Thursday, March 5, 2009

Don't worry be happy!

Today was a better day for me. I started it with a plan, deliberate focused distraction, most commonly referred to as work. It has actually been a while since I have planned my work; an unwelcomed side effect of my hallucinogen of choice. So I have rounded another corner of my emotional recession. How many damn corners does this shit have? It's like I'm going in circles. Suffice to say I'm not depressed; and I didn't need cymbalta. Which reminds me, what type of freaking anti-depression medication increases your thought of suicide (cymbalta); I mean I listen to the ad; where does depression hurt, who does depression hurt...ask your doctor about cymbalta...side-effects include increased thoughts of suicide. Dude save yourself the medical bills, the psychotherapy and all the shit and jump off a building already. I mean seriously.

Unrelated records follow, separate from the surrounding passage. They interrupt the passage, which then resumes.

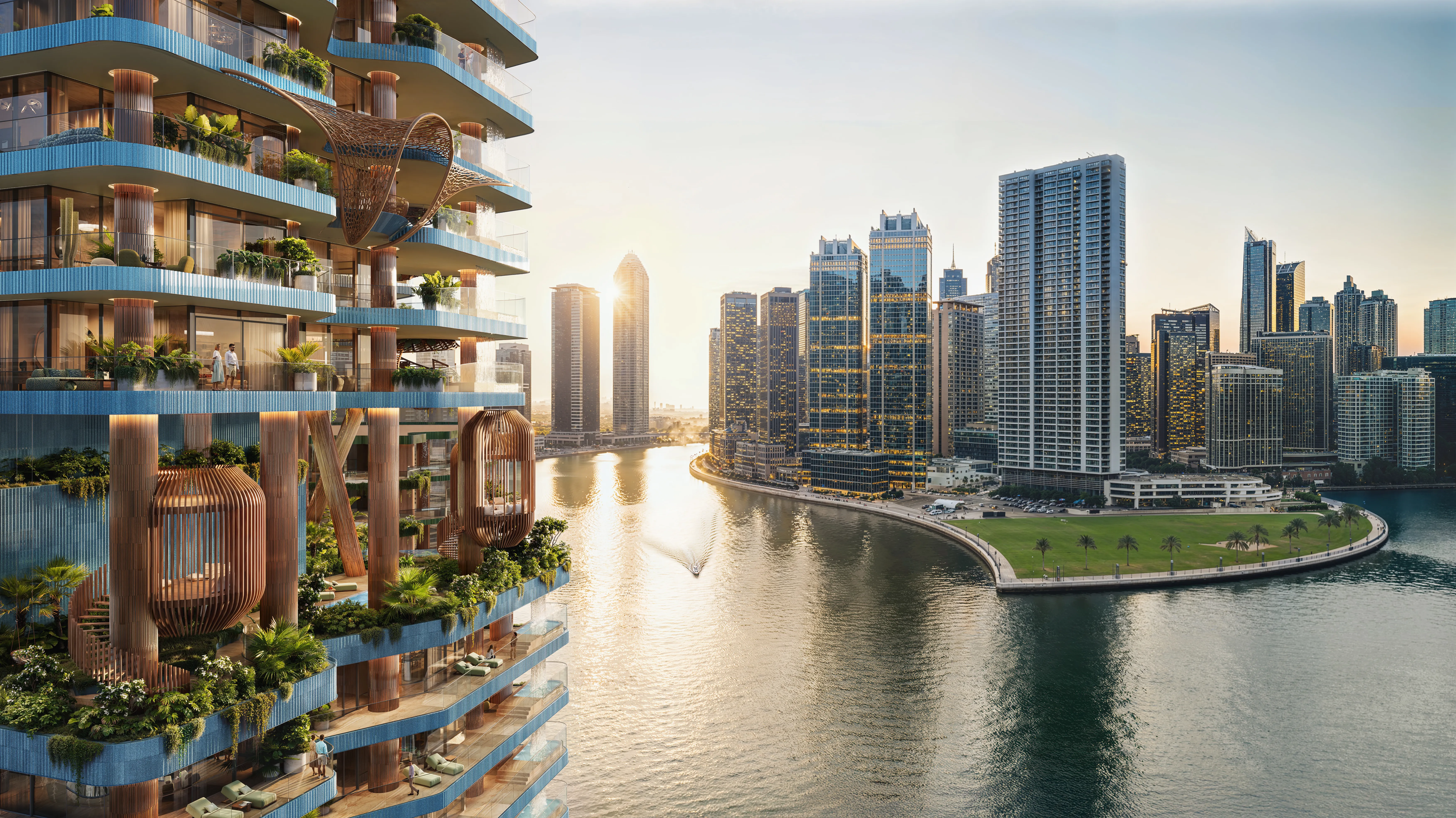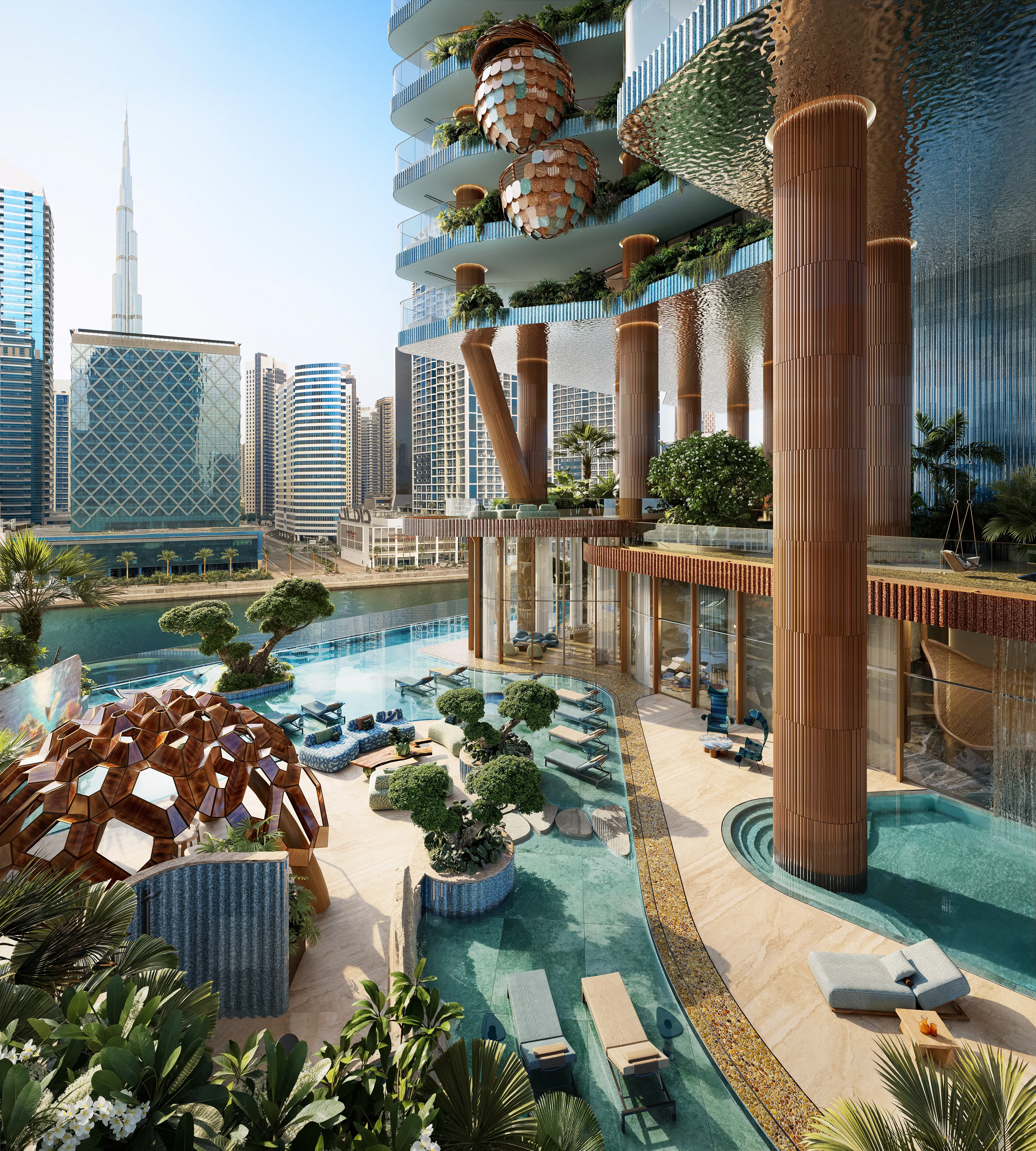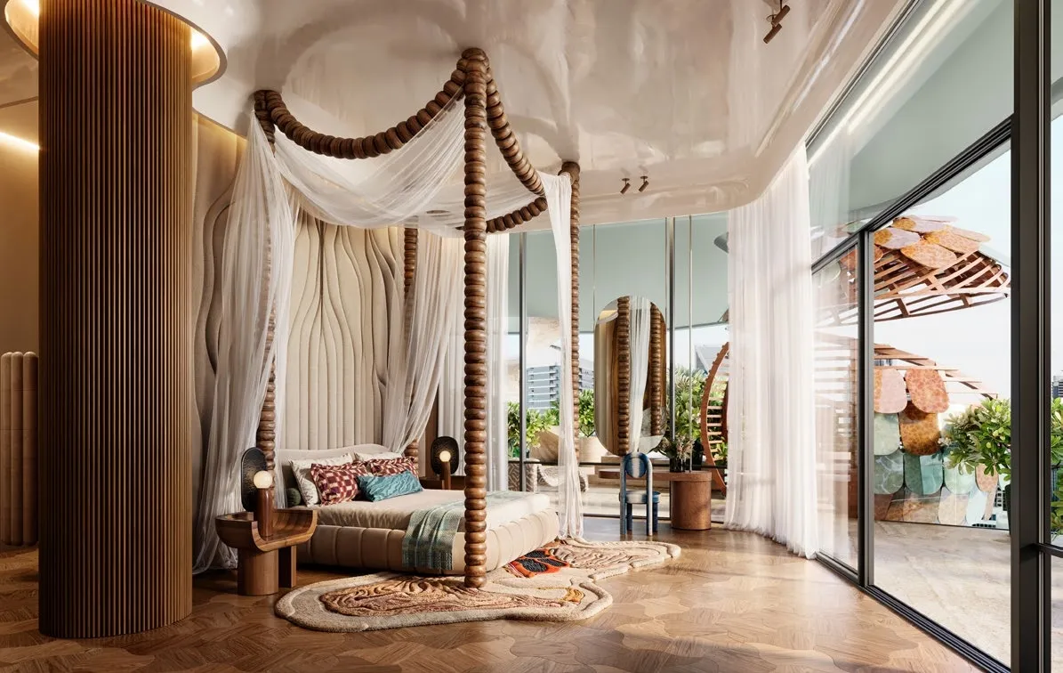Eywa Way of Water ist ein Meisterwerk des luxuriösen Wohnens und bietet eine exklusive Auswahl an Apartments mit 2, 3 und 4 Schlafzimmern, Maisonette-Wohnungen mit 3, 4 und 5 Schlafzimmern sowie großzügigen Penthäusern mit 5 Schlafzimmern. Entworfen von Zane Tetere-Sulce von OAD und entwickelt von einem europäischen Team, definiert dieses architektonische Juwel raffiniertes und genussvolles Wohnen neu – mit außergewöhnlicher Qualität, natürlichem Licht und Panoramablick. Jede Residenz ist aus nachhaltigen, schadstofffreien Materialien gefertigt, mit hochwertigen Oberflächen ausgestattet und verfügt über einen direkten Aufzugszugang, der ein Leben voller Komfort und Eleganz garantiert. Die erstklassigen Annehmlichkeiten des Projekts schaffen eine Atmosphäre der Harmonie und Erholung. Bewohner können sechs exquisite Pools, ein hochmodernes Fitnesscenter von Nohrd, Yoga- und Meditationsräume sowie eine einzigartige Klangheilungspyramide genießen. Vom luxuriösen Spa und Teehaus über die Gesundheitsbar und das Open-Air-Kino bis hin zum schwebenden Kamin – jedes Element fördert Ruhe, Verbundenheit und ganzheitliches Wohlbefinden. Eywa Way of Water besticht durch wegweisende Wellness-Technologie und Liebe zum Detail. Fortschrittliche Luft- und Wasserreinigungssysteme, EMF-Schutz und Smart-Home-Integration heben den Alltag auf ein neues Niveau an Komfort und Ruhe. Mit WELL-, LEED- und WiredScore-Platinum-Zertifizierungen präsentiert sich dieses visionäre Projekt als Oase der Balance, des Luxus und moderner Eleganz in Dubais begehrtester Lage.
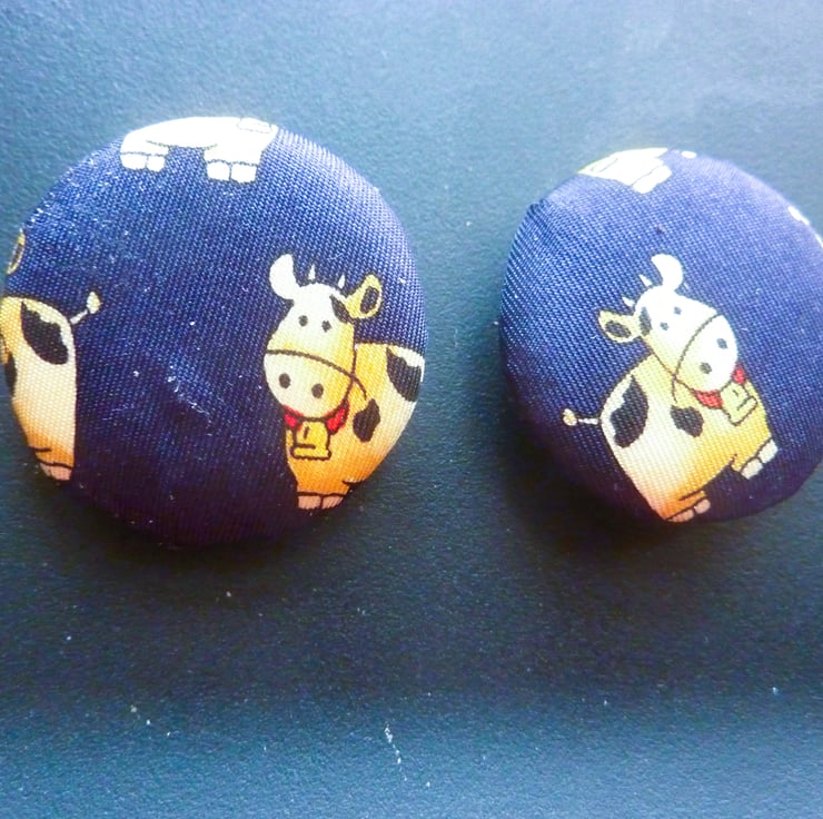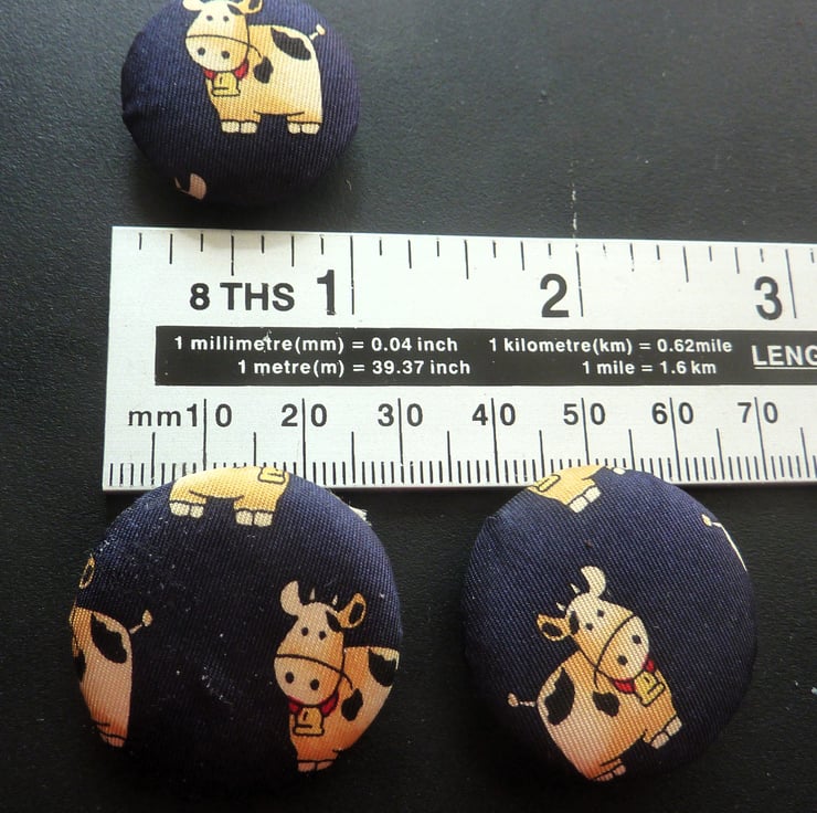 This product consists of a set of 5 handmade silk buttons featuring happy cows design, perfect for adding a unique touch to your upholstery, blazers, suits, jackets, or crafts projects. The buttons are 2.5cm/1 inch in size, round shape, with these 2-hole flat buttons are sure to add a touch of charm and creativity to your creations.
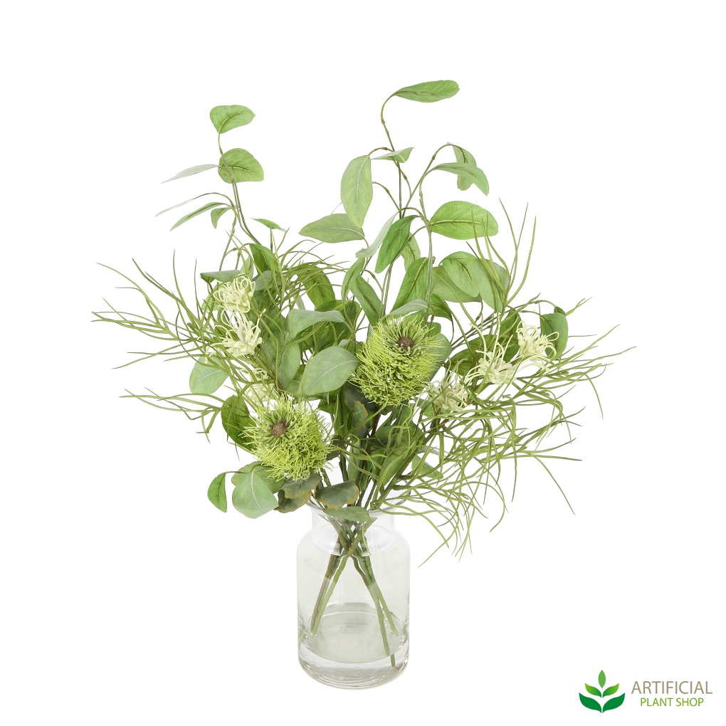 Want to feel like you're on a bushwalk without leaving home? Check out our 69cm Green Native Arrangement. This arrangement is a wonderful blend of various native flora, all intertwined in a natural, delightful display. It's taller than most arrangements, making it a superb choice for floor placement or as a dining room showpiece. The varied shades of green create a mosaic of natural beauty that can liven up any room in your home or office. And, of course, there's zero upkeep needed, so it'll stay as fresh as the day you brought it home.
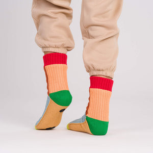 These unisex fleece-lined knit slipper socks are the best of both worlds! The easy fit of socks meets the plush comfort of house slippers. Bold and bright colorblocking will keep you cozy (and bright) indoors. Fully lined with fluffy faux fleece. Non-slip patches on sole. Washable.
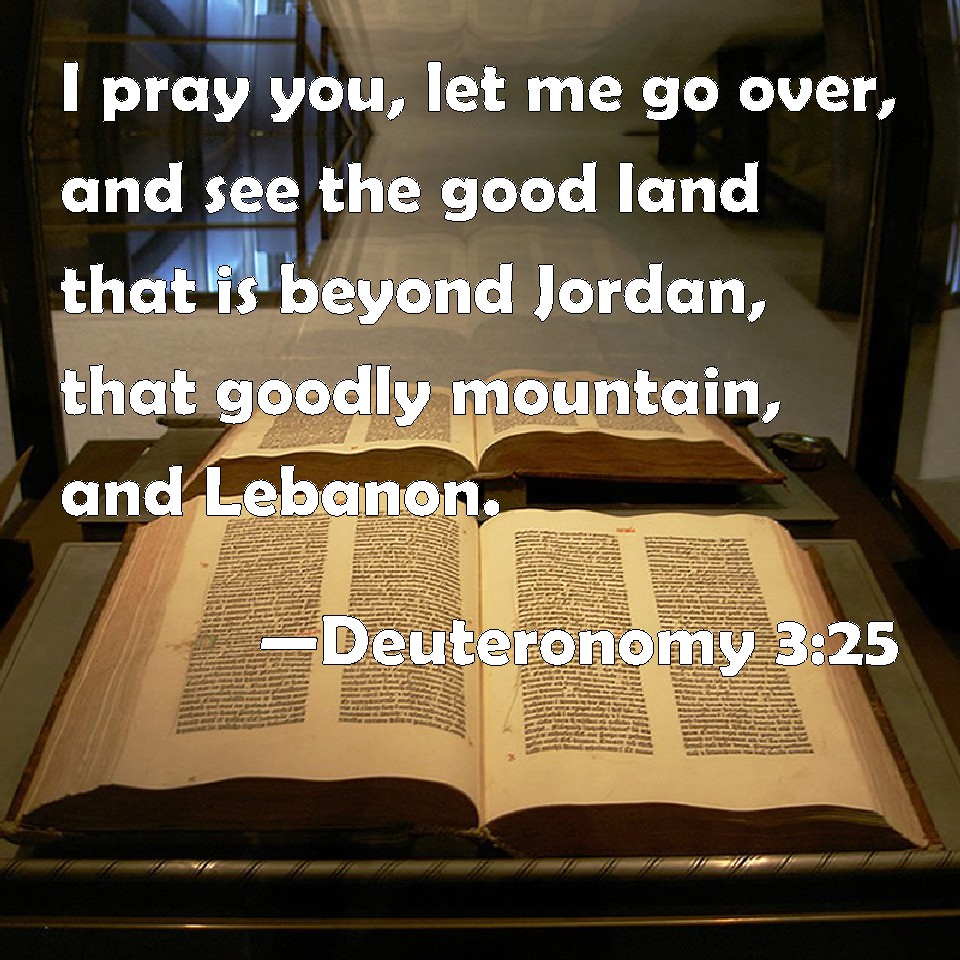 Choose a Background Deuteronomy 3:25 I pray you, let me go over, and see the good land that is beyond Jordan, that goodly mountain, and Lebanon. KJV: I pray thee, let me go over, and see the good land that is beyond Jordan, that goodly mountain, and Lebanon. DRB: I will pass over therefore, and will see this excellent land beyond the Jordan, and this goodly mountain, and Libanus. DBT: Let me go over, I pray thee, and see the good land that is beyond the Jordan, that goodly mountain, and Lebanon. ERV: Let me go over, I pray thee, and see the good land that is beyond Jordan, that goodly mountain, and Lebanon. WBT: I pray thee, let me go over, and see the good land that is beyond Jordan, that goodly mountain, and Lebanon. WEB: Please let me go over and see the good land that is beyond the Jordan, that goodly mountain, and Lebanon." YLT: Let me pass over, I pray Thee, and see the good land which is beyond the Jordan, this good hill-country, and Lebanon.Links Deuteronomy 3:25 NIV • Deuteronomy 3:25 NLT • Deuteronomy 3:25 ESV • Deuteronomy 3:25 NASB • Deuteronomy 3:25 KJV • Deuteronomy 3:25 Interlinear • Deuteronomy 3:25 Commentaries • Deuteronomy 3:25 Parallel Texts • Deuteronomy 3:25 Bible Apps • Deuteronomy 3:25 Parallel • Bible Hub |
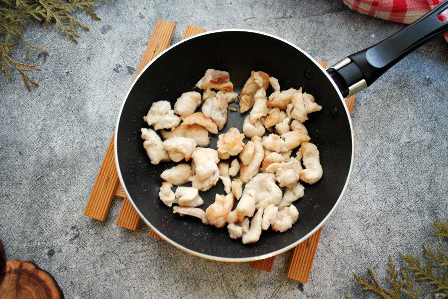 Куриное филе порежьте короткой соломкой, посолите, поперчите и обжарьте в горячем растительном масле до готовности. Переложите курицу в тарелку и остудите.
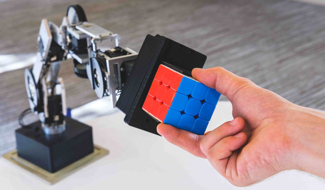 Here is another high-end robotic arm ready for all your projects. The Svenza Revel 6DOF Robotic Arm supports Java, MATLAB, and Python programming. Revel is made of aircraft grade aluminum and weighs less than 3kg. It has a max payload of 1.36kg.
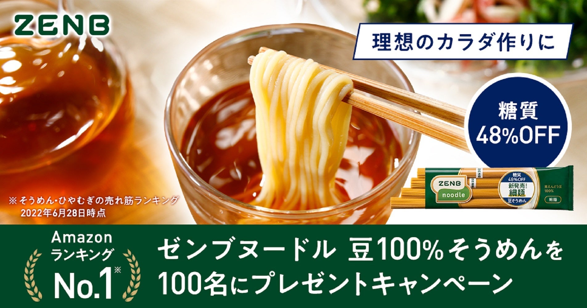 株式会社ZENB JAPAN(ゼンブ ジャパン)(愛知県半田市、以下 ZENB)は、2022年7月6日(水)より、いつものそうめんより糖質48%OFFで楽しめる豆100%そうめん「ZENBヌードル細麺」を体験できる「Amazon売上ランキングNo.1※!ゼンブヌードル豆100%そうめんを100名にプレゼントキャンペーン」を開始します。
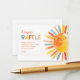 Solsken baby shower inklusionskort med en strålande, glad sol med ett förtjusande ansikte och en "blöja lotteri"-mall.
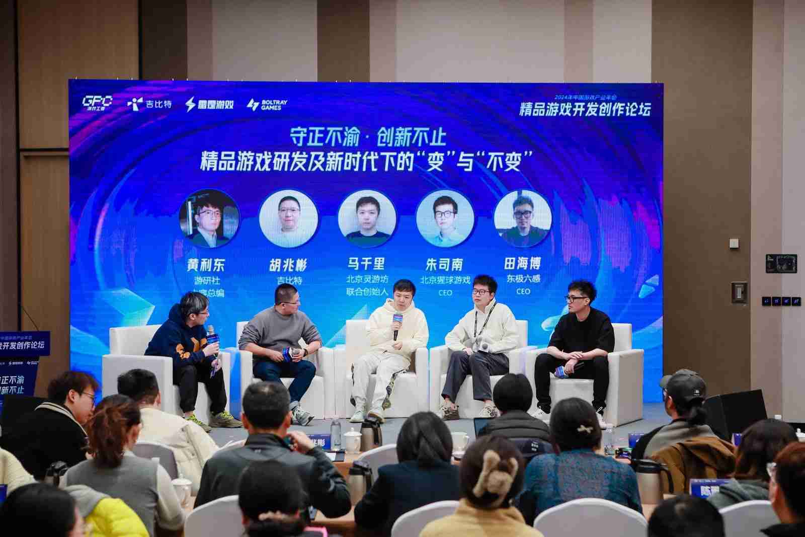 圆桌对话环节,,,,在游研社内容总编黄利东的主持下,,,,yaxin111CTO胡兆彬、、北京灵游坊联合创始人马千里、、、北京猩球游戏CEO朱司南、、东极六感CEO田海博等四位嘉宾围绕“守正不渝、、、创新不止——精品游戏研发及新时代下的‘变’与‘不变’”这一主题分享了各自在精品游戏开发理念及工程能力搭建方面的见解和经历,,,,并就行业变化下游戏人需要坚守的理念等展开交流探讨。。。
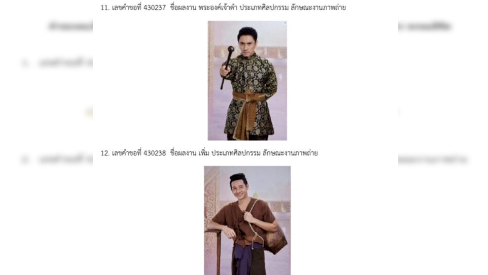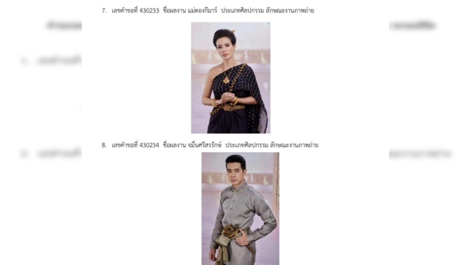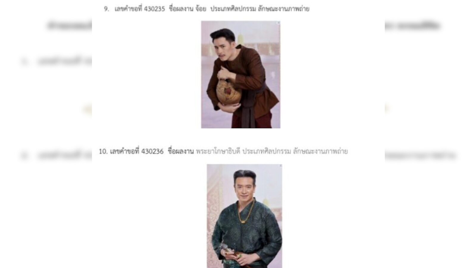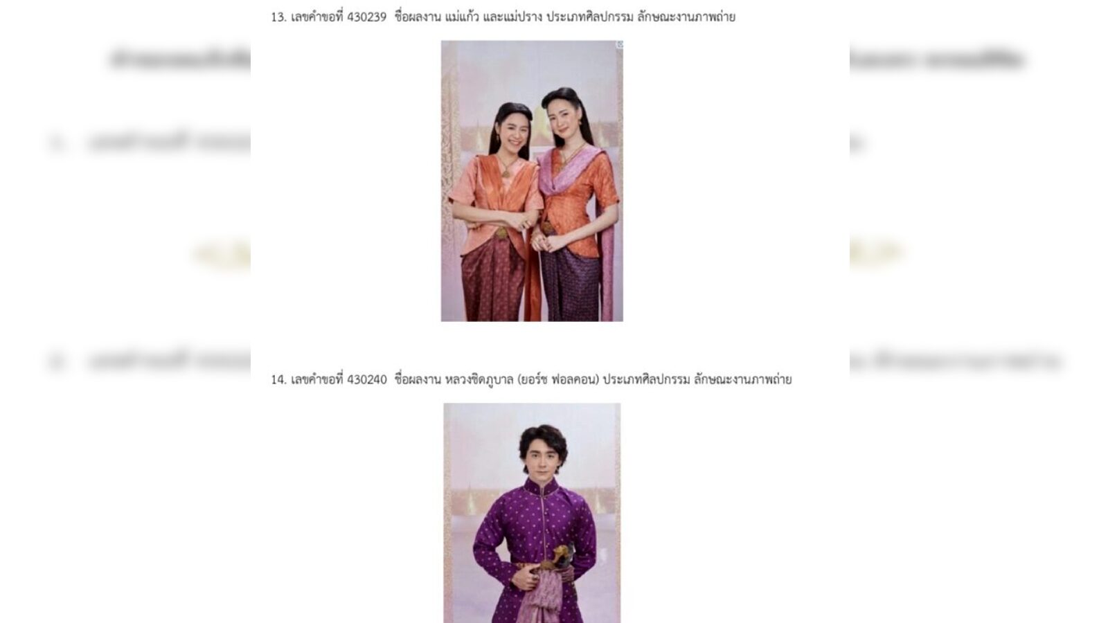 -มี 15 ผลงาน ประเภทศิลปกรรม ลักษณะงานภาพถ่าย ชื่อผลงาน พระยาวิสูตรสาคร และเกศสุรางค์, พุดตาน, พ่อเรือง, พ่อริด, พระนามณรงค์ และจันทร์วาด, แม่ตองกีมาร์, จมื่นศรีสรรักษ์, จ้อย, พระยาโกษาธิบดี, พระองค์เจ้าดํา, เพิ่ม, แม่แก้ว และแม่ปราง, หลวงชิดภูบาล (ยอร์ช ฟอลคอน), หมู่สง และ พระยาวิสูตรสาคร และเกศสุรางค์2

So today was a good day (and it's not even done yet; I'm heading to one of my favorite places in a while; the gym), I can feel myself returning; there are some jagged stones on my path back and I am bare footed which makes the walk back slow and painful, but getting back to me is good, I enjoy that space, so I'll take the pain to get there. My happy space may not be anyone else's happy space, but I am a bit of a narcissists' so fuck em. Sorry did I say that. Yeah yeah yeah I said it. I'm good at making people happy (but I have made a few unhappy in the past), and making people happy sometimes makes me happy; but often times it stresses the hell out of me and is really not worth the time and energy.

Everyone is responsible for his/her happiness, the people in your life merely contribute to it; a search for happiness outside yourself is doomed to leave you unhappy, because it is cosmetic.

So have a coke and a smile and make the choice, the conscious decision to be HAPPY!